Helping Cities to Turn Waste to Green Gold

Ethiopia NAMA CD planting_Bahir Dar August 2018UNDP Country Director planting trees at the NAMA project site in Bahirdar

Six cities piloting the NAMA Compost initiative in Ethiopia met in the northern town of Bahir Dar to review progress, share lessons and chart the way forward in implementing the Global Environment Facility (GEF) financed project.

The Nationally Appropriate Mitigation Action (NAMA) Compost project (2017-2022) is implemented by the Ministry of Urban Development and Housing (MoUDH) and city municipalities in partnership with UNDP in Adama, Bahir Dar, Bishoftu, Dire Dawa, Hawassa and Mekele.

Co-chairing the national steering committee meeting with UNDP, State Minister Hirut Birassa of MoUDH stressed that it was important for cities not only to grow in the size of population but in the services they provide to their citizens.
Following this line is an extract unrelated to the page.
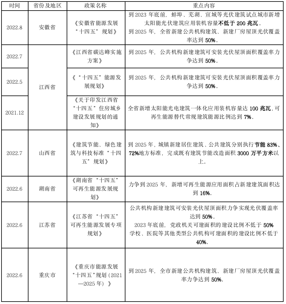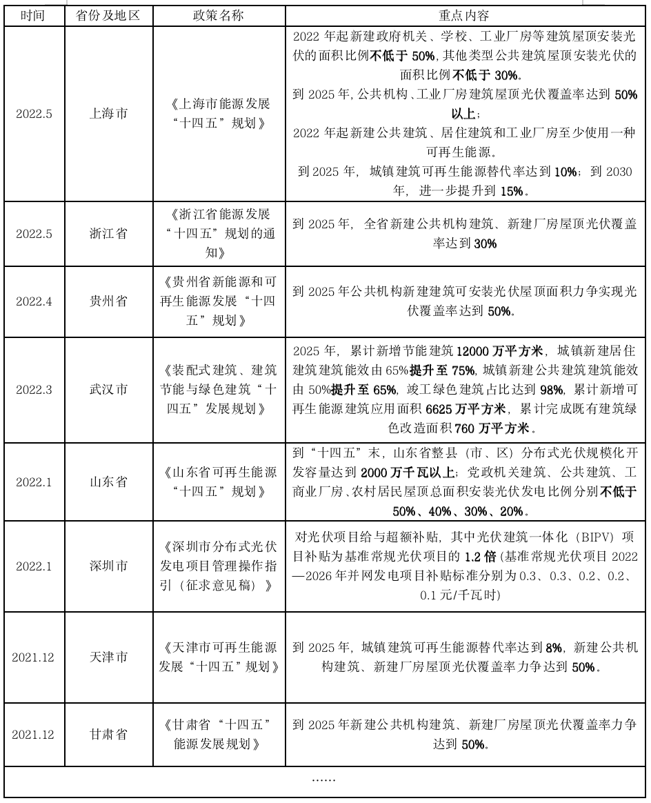 光伏產(chǎn)業(yè),尤其是綠色建筑發(fā)展的政策紅利仍在持續(xù)釋放。近兩年,全國(guó)各省市均在細(xì)化光伏建筑一體化的相關(guān)配套支持政策及發(fā)展目標(biāo)。目前,全國(guó)城鎮(zhèn)新建建筑已經(jīng)全部執(zhí)行節(jié)能強(qiáng)制性標(biāo)準(zhǔn),全面實(shí)現(xiàn)新建建筑節(jié)能。 伴隨著“十四五”發(fā)展規(guī)劃的提出,各省市也相應(yīng)出臺(tái)關(guān)于BIPV的相關(guān)政策和規(guī)劃。部分省市出臺(tái)的BIPV相關(guān)措施涉及綠色建筑光伏裝機(jī)容量、新建BIPV建筑占比和應(yīng)用面積等。 全國(guó)性政策: 住房和城鄉(xiāng)建設(shè)部2022年3月印發(fā)的《“十四五”建筑節(jié)能與綠色建筑發(fā)展規(guī)劃》中提出,到2025年,完成既有建筑節(jié)能改造面積3.5億平方米以上,建設(shè)超低能耗、近零能耗建筑0.5億平方米以上,全國(guó)新增建筑太陽(yáng)能光伏裝機(jī)容量0.5億千瓦以上。

Highlighting the importance of the initiative, UNDP Resident Representative a.i. Ms. Louise Chamberlain underlined that, the NAMA Compost project in Ethiopia is a core part of a green economy because it helps create small enterprises in peri-urban areas engaged in waste management and address the multiple challenges of the urbanization. She noted that once monitored and accounted this intervention can eventually help Ethiopia to create a national carbon market that would offer sustainable financing allowing for the expansion of the project to the rest of the cities in the country.
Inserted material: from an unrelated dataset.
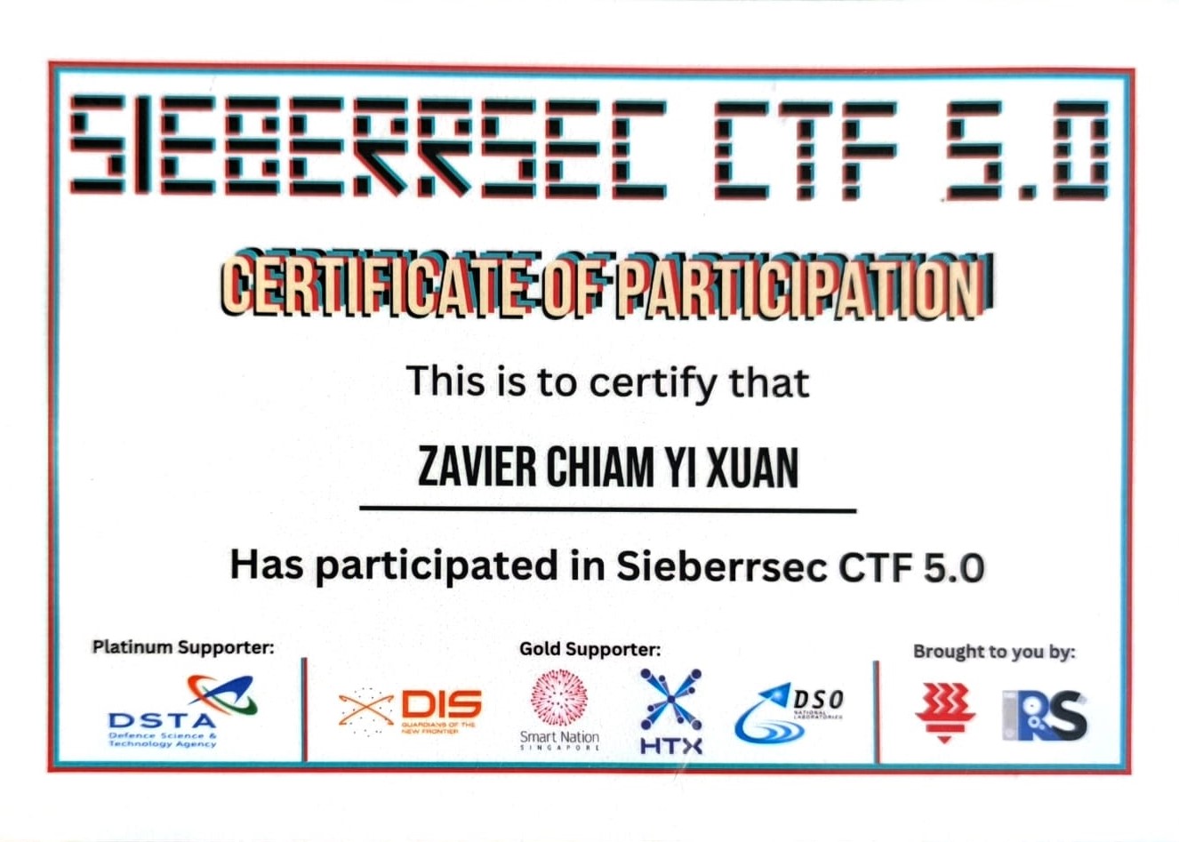 Participated in Sieberrsec CTF 5.0 organized by Hwa Chong Institution.

Through this intervention, cities are supported to contribute to the reduction of Green House Gas (GHG) emission and national targets in the Growth and Transformation Plan (GTP). This is being done by putting in place an integrated solid waste management complemented by a green urban infrastructure including greening cities and planting forests in peri urban areas. The project also helps address cities to address gaps in regulatory frameworks and institutional capacity needs.

In addition to improving the quality of life in cities, investments in greening and peri-urban forests can help address threats from flash floods such as the one witnessed in recent years by Dire Dawa.
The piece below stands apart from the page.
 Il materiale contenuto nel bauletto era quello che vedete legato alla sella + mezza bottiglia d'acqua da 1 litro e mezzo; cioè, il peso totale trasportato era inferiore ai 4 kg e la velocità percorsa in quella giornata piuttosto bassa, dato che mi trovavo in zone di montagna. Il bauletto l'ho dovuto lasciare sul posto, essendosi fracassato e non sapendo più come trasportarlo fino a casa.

Municipalities are partnering with micro and small enterprises are being engaged by the to get involved in the collection of waste and composting. This partnership is expected to lead to the creation of at least 700 new jobs, mostly for women and youth, in each city as the market linkage is strengthened during the project period.

Etihun Alemayehu is one of the women who is already benefiting this employment opportunity by joining a cooperative with 70 members engaged in collecting waste in Bahir Dar and composting. Etihun is a single mother of two who whose eldest daughter is in her first year of university studying engineering. Before joining the cooperative Etihun was trying to make ends meet by selling homemade foods and drinks but without a regular stall she found business unpredictable. Her new job brings her a reliable income and also a sense of pride in her hands-on contribution to keep her city clean and green.

By 2022, the GHG emission reduction from this initiative is expected to be over 400,000 tons of Carbon dioxide.